= Required action =
All pictures must be dropped, while the entries are given again word for word.

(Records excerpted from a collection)
*****

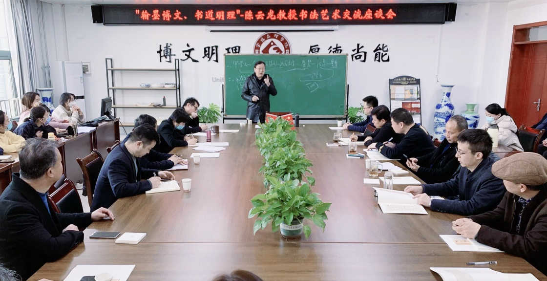 3月7日下午,校党委书记赵健、副校长李景宜会见了陕西省教育书法研究会名誉会长陈云龙教授一行,并围绕书法教育与美育工作进行了深入交谈。陈云龙教授以《翰墨博文、书道明理——陈云龙教授谈书法艺术》为主题作了专题讲座。讲座由美术学院院长李强主持。
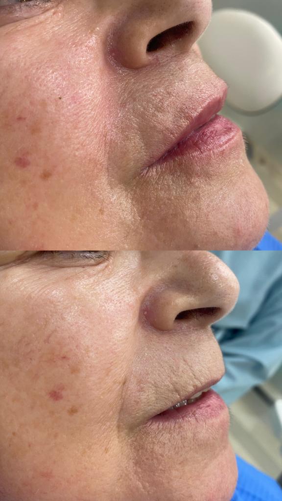 El Resultado: Después del tratamiento de rejuvenecimiento del tercio inferior con ácido hialurónico, nuestras pacientes experimentaron una transformación asombrosa. Las líneas de marioneta se suavizaron, los pliegues nasolabiales se redujeron significativamente y el contorno de la mandíbula se mejoró. El resultado fue una apariencia más joven, fresca y natural que dejó al paciente encantado.
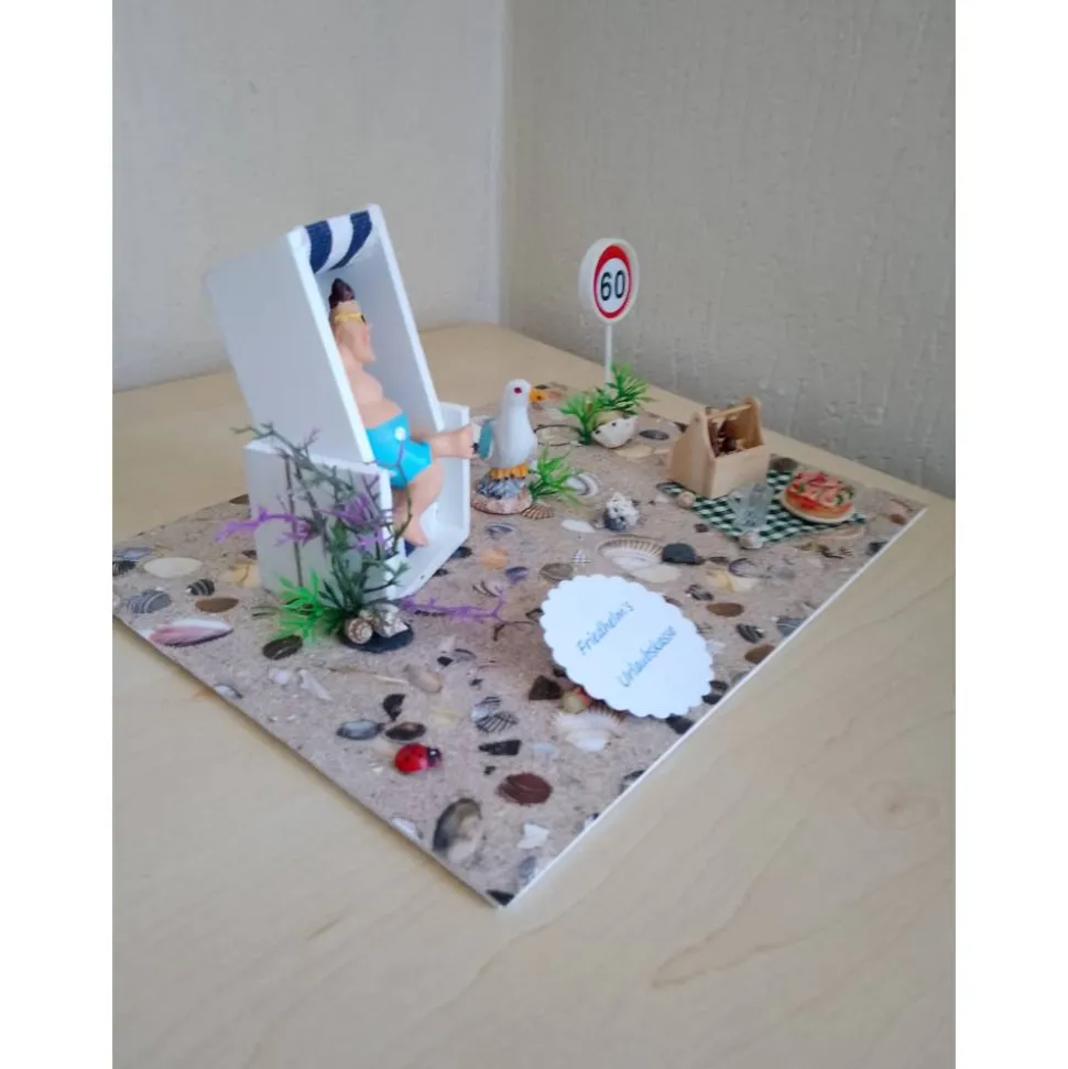 Verschenke ein außergewöhnliches Geldgeschenk zum runden Geburtstag und überrasche den Mann mit einer einzigartigen Strandszene! Die Malkarton-Unterlage ist mit Sand-Muschelpapier beklebt und bildet die perfekte Basis für dieses originelle Präsent.
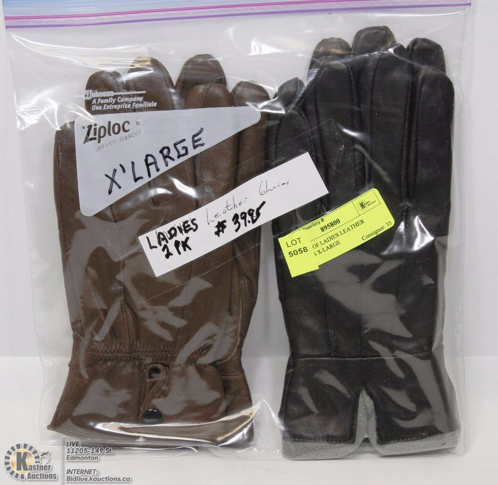 2 PACK OF LADIES LEATHER GLOVES X-LARGE
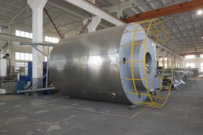 1、 塔徑塔高做了相應(yīng)的調(diào)整,既保證物料干燥之前接觸不到塔壁,又保證物料在熱風(fēng)中的停留時(shí)間;塔壁設(shè)有夾套冷風(fēng)冷卻裝置,確保物料吸附在塔壁上因局部溫度過高而產(chǎn)生軟化、熔融甚至焦化現(xiàn)象;錐角增大,錐體上安裝空氣震擊器,用壓縮空氣脈沖式地震擊筒體,把吸附在筒體上的粉料順暢地?fù)袈湎聛恚?br />
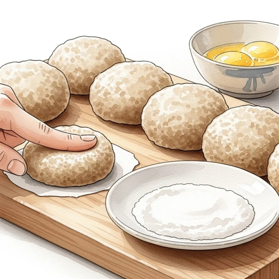 이때 전분가루(옥수수 전분이나 부침가루)를 살짝 넣어주면 반죽이 훨씬 찰지고 단단해진답니다.
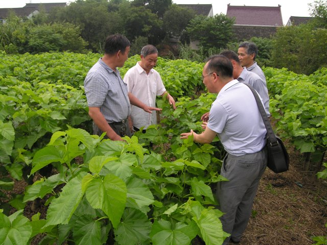 下圖為秀洲區(qū)蠶桑技術(shù)人員在新塍鎮(zhèn)潘家浜村6組桑園內(nèi)指導(dǎo)蠶農(nóng)抓好夏季培桑工作。
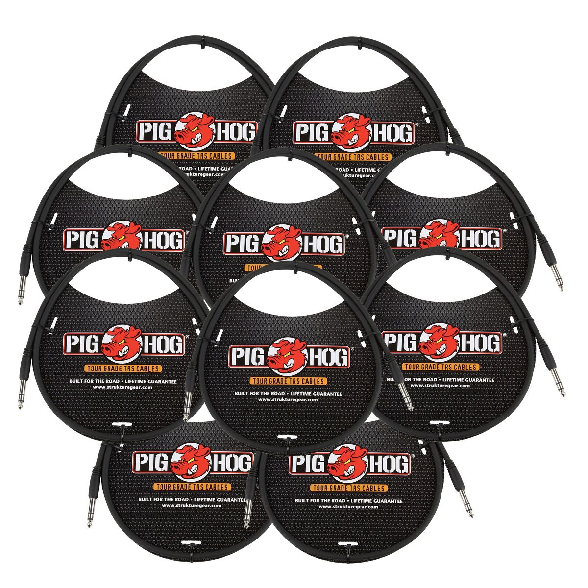 Pig Hog 3ft 1/4" TRS - 1/4" TRS Cable - 10 Units
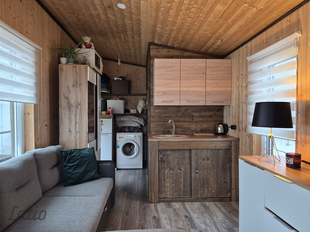Iebūvēta virtuve, kā arī tualete un dušas telpa.
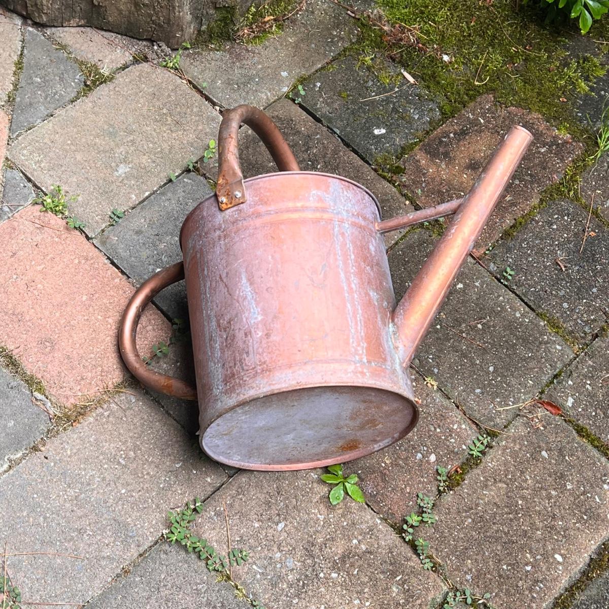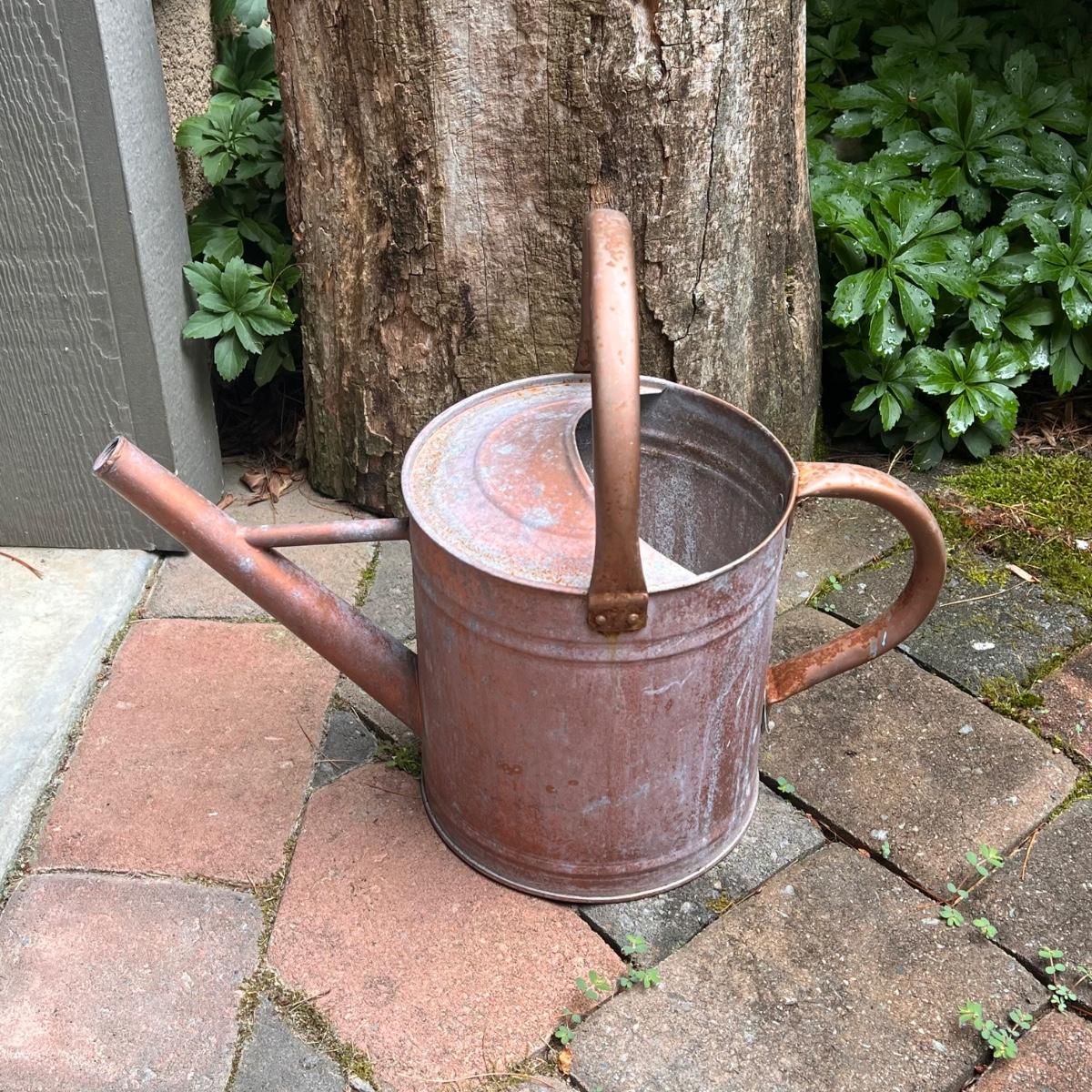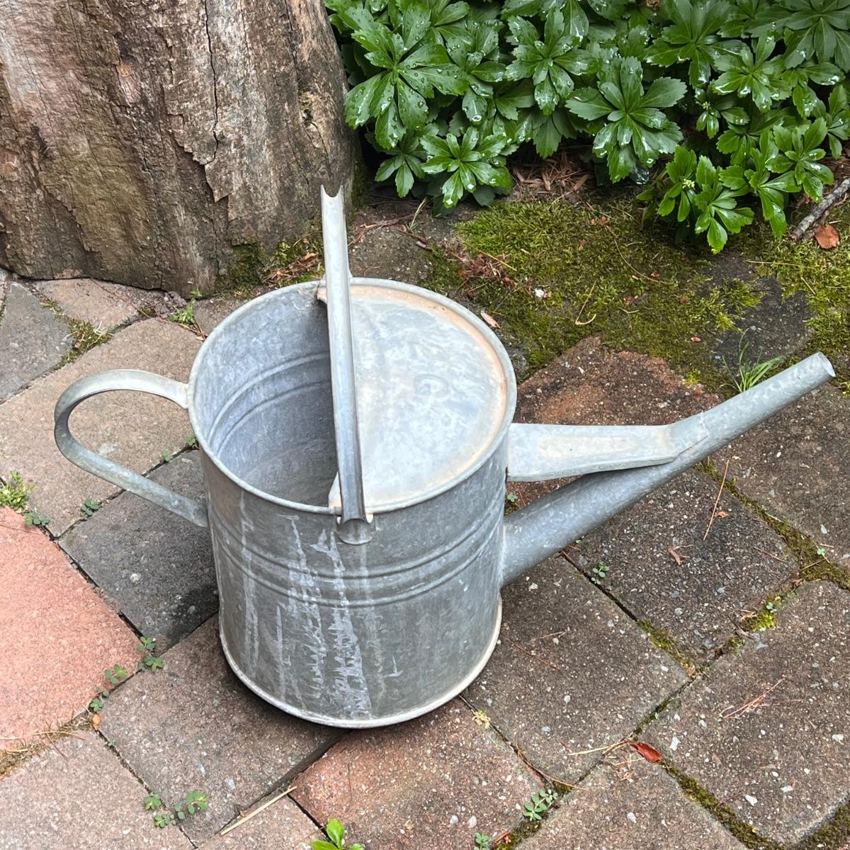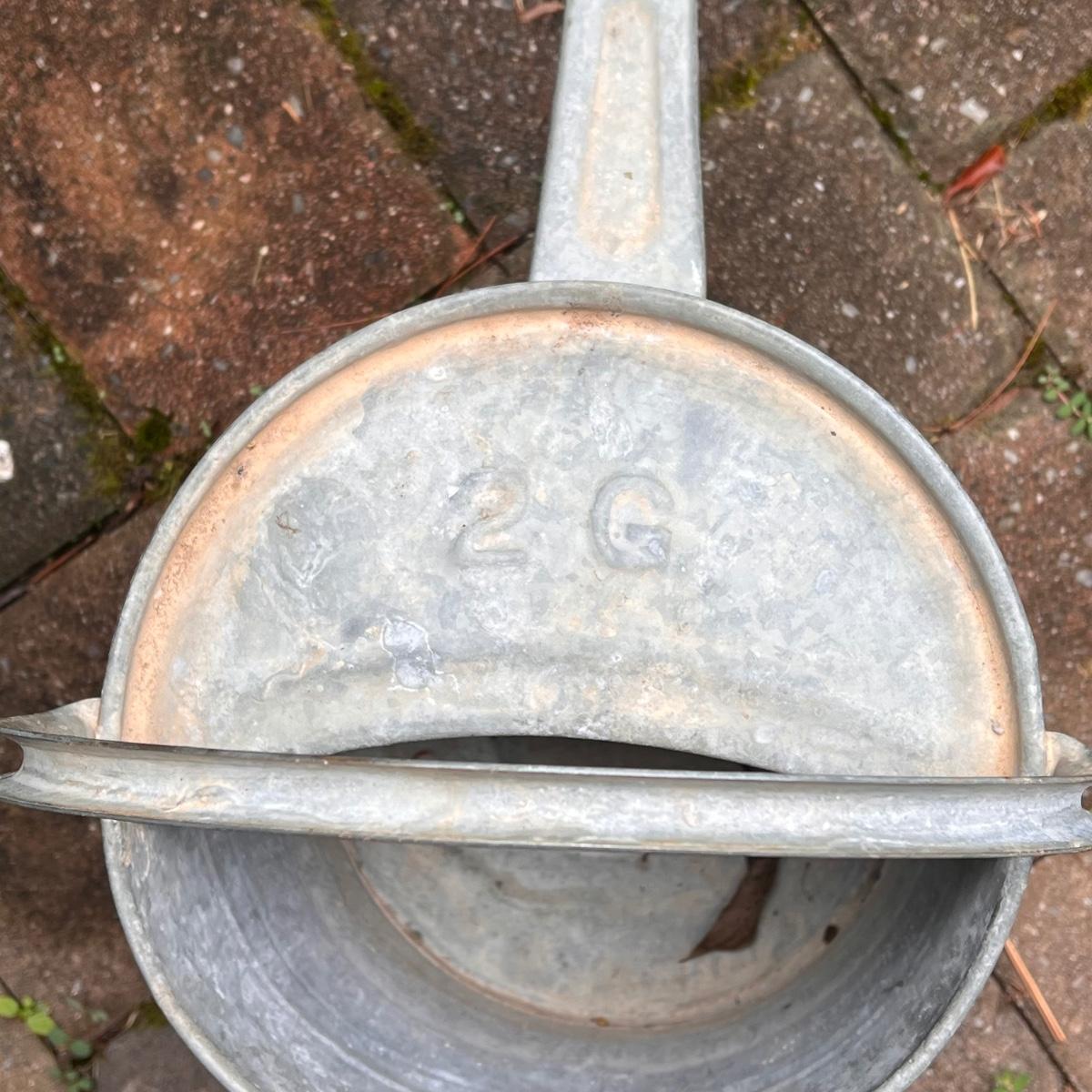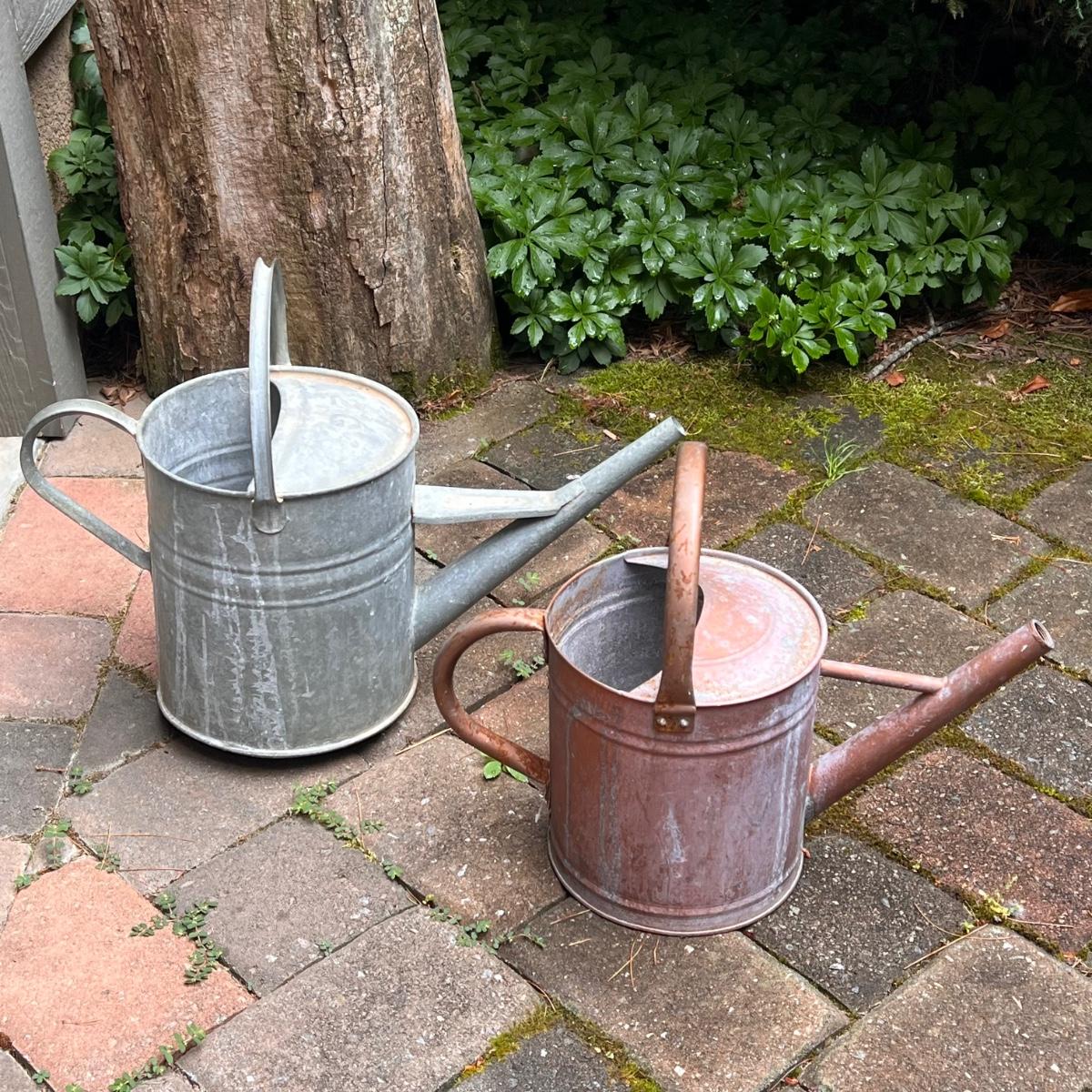 Lot includes two metal watering cans. In sturdy condition but do have some tarnish - see pictures. The silver colored can appears to be able to hold 2 gallons. The larger one (silver) measures 21” x 11”H and the smaller 18” x 14”H. Shipping available.

*****

= Result =
 3月7日下午,校党委书记赵健、副校长李景宜会见了陕西省教育书法研究会名誉会长陈云龙教授一行,并围绕书法教育与美育工作进行了深入交谈。陈云龙教授以《翰墨博文、书道明理——陈云龙教授谈书法艺术》为主题作了专题讲座。讲座由美术学院院长李强主持。
 El Resultado: Después del tratamiento de rejuvenecimiento del tercio inferior con ácido hialurónico, nuestras pacientes experimentaron una transformación asombrosa. Las líneas de marioneta se suavizaron, los pliegues nasolabiales se redujeron significativamente y el contorno de la mandíbula se mejoró. El resultado fue una apariencia más joven, fresca y natural que dejó al paciente encantado.
 Verschenke ein außergewöhnliches Geldgeschenk zum runden Geburtstag und überrasche den Mann mit einer einzigartigen Strandszene! Die Malkarton-Unterlage ist mit Sand-Muschelpapier beklebt und bildet die perfekte Basis für dieses originelle Präsent.
 2 PACK OF LADIES LEATHER GLOVES X-LARGE
 1、 塔徑塔高做了相應(yīng)的調(diào)整,既保證物料干燥之前接觸不到塔壁,又保證物料在熱風(fēng)中的停留時(shí)間;塔壁設(shè)有夾套冷風(fēng)冷卻裝置,確保物料吸附在塔壁上因局部溫度過高而產(chǎn)生軟化、熔融甚至焦化現(xiàn)象;錐角增大,錐體上安裝空氣震擊器,用壓縮空氣脈沖式地震擊筒體,把吸附在筒體上的粉料順暢地?fù)袈湎聛恚?br />
 이때 전분가루(옥수수 전분이나 부침가루)를 살짝 넣어주면 반죽이 훨씬 찰지고 단단해진답니다.
 下圖為秀洲區(qū)蠶桑技術(shù)人員在新塍鎮(zhèn)潘家浜村6組桑園內(nèi)指導(dǎo)蠶農(nóng)抓好夏季培桑工作。
 Pig Hog 3ft 1/4" TRS - 1/4" TRS Cable - 10 Units
Iebūvēta virtuve, kā arī tualete un dušas telpa.
 Lot includes two metal watering cans. In sturdy condition but do have some tarnish - see pictures. The silver colored can appears to be able to hold 2 gallons. The larger one (silver) measures 21” x 11”H and the smaller 18” x 14”H. Shipping available.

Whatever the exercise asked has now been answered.